Task objective -
Your task is to print all of the data below exactly, with no pictures included.

-------- Information supplied

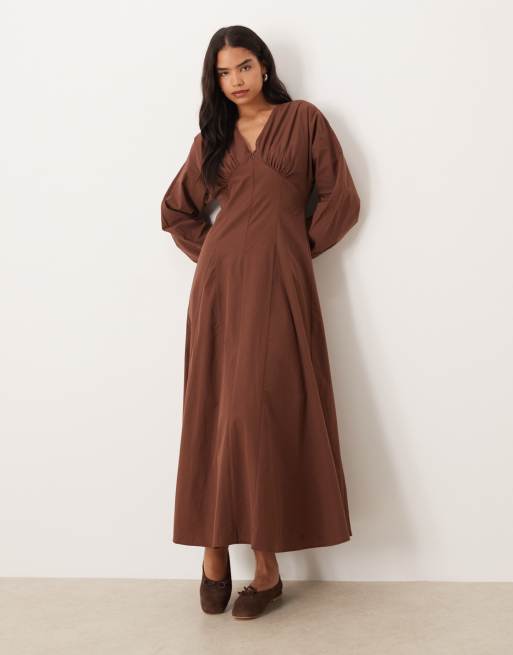 ASOS DESIGN - Robe longue en popeline à manches longues et col V - Chocolat
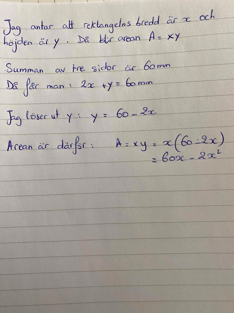 Så här ser ut mina tankar men jag undrar om maximala arean är samma som jag hittade eller jag måste derivera funktionen (jag menar 60x-2x2) och sen hittar jag maximi värdet eller räcker det med beräkningar ovan ?
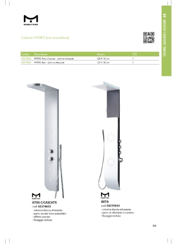 COLONNE, SALISCENDI E ACCESSORI - 05 Colonne HYDRO (con miscelatore) Codice Descrizione Misura CFZ 03219653 HYDRO Atos c/cascata - colonna attrezzata L20 H150 cm 1 03219654 HYDRO Beta - colonna attrezzata L22 H150 cm 1 235
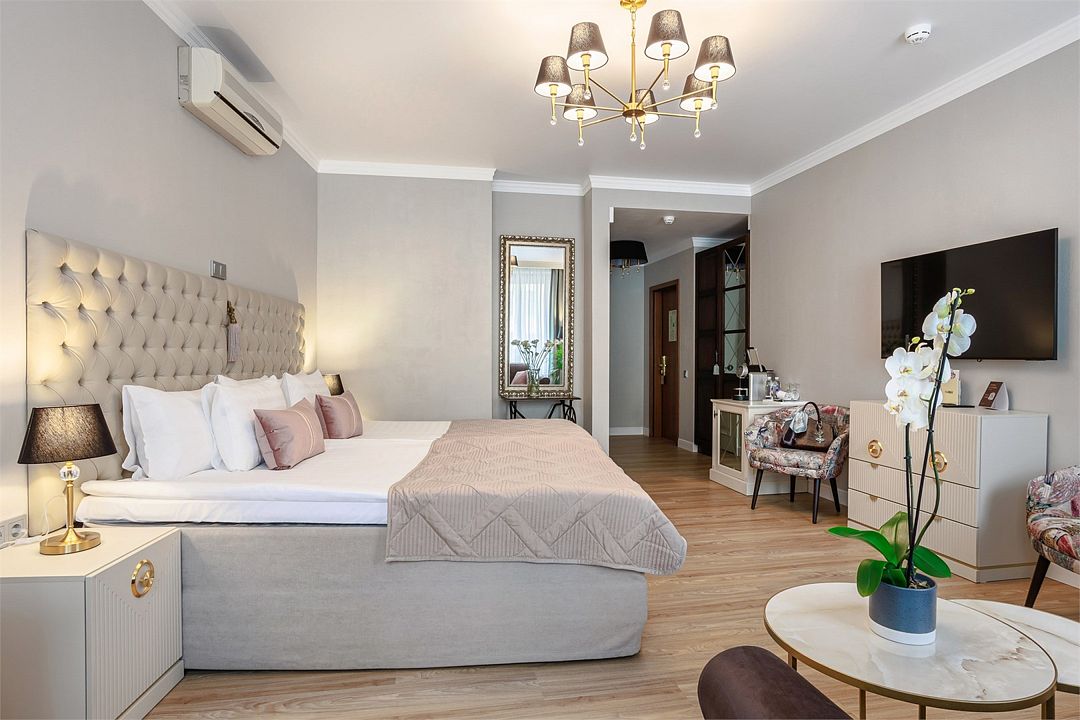 телевизор, Wi-Fi, телефон, кондиционер, фен, кофемашина, утюг, ванная комната, ванна, теплый пол, халаты, банные полотенца, тапочки, косметические средства, балкон с красивым видом, двуспальная кровать, гладильная доска, кресла, тумбы, шкаф для одежды, журнальный столик, письменный стол, багажная тумба, зеркало, мини-бар, сейф, минеральная водаВ гостиничном номере
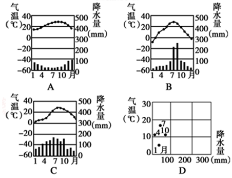 【小题1】读图可知,A地冬季温暖多雨,夏季炎热干燥,为地中海气候;B地冬季寒冷干燥,夏季炎热多雨,雨热同期,为温带季风气候;C地冬季温暖湿润,夏季炎热多雨,雨热同期,为亚热带季风气候;欧洲英国馆气候为温带海洋气候,冬暖夏凉,年较差小,全年降水均匀,故D正确。
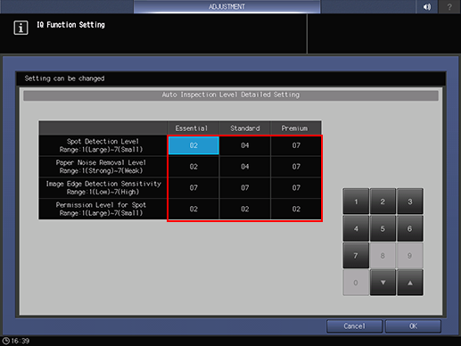 supplementary explanationWhen Image Controller IC-313, Image Controller IC-314, or Image Controller IC-417 is installed on the machine, Level Setting is displayed. Select Essential, Standard, or Premium to specify the level for each item.

----------------

Answer to the exercise -
 ASOS DESIGN - Robe longue en popeline à manches longues et col V - Chocolat
 Så här ser ut mina tankar men jag undrar om maximala arean är samma som jag hittade eller jag måste derivera funktionen (jag menar 60x-2x2) och sen hittar jag maximi värdet eller räcker det med beräkningar ovan ?
 COLONNE, SALISCENDI E ACCESSORI - 05 Colonne HYDRO (con miscelatore) Codice Descrizione Misura CFZ 03219653 HYDRO Atos c/cascata - colonna attrezzata L20 H150 cm 1 03219654 HYDRO Beta - colonna attrezzata L22 H150 cm 1 235
 телевизор, Wi-Fi, телефон, кондиционер, фен, кофемашина, утюг, ванная комната, ванна, теплый пол, халаты, банные полотенца, тапочки, косметические средства, балкон с красивым видом, двуспальная кровать, гладильная доска, кресла, тумбы, шкаф для одежды, журнальный столик, письменный стол, багажная тумба, зеркало, мини-бар, сейф, минеральная водаВ гостиничном номере
 【小题1】读图可知,A地冬季温暖多雨,夏季炎热干燥,为地中海气候;B地冬季寒冷干燥,夏季炎热多雨,雨热同期,为温带季风气候;C地冬季温暖湿润,夏季炎热多雨,雨热同期,为亚热带季风气候;欧洲英国馆气候为温带海洋气候,冬暖夏凉,年较差小,全年降水均匀,故D正确。
 supplementary explanationWhen Image Controller IC-313, Image Controller IC-314, or Image Controller IC-417 is installed on the machine, Level Setting is displayed. Select Essential, Standard, or Premium to specify the level for each item.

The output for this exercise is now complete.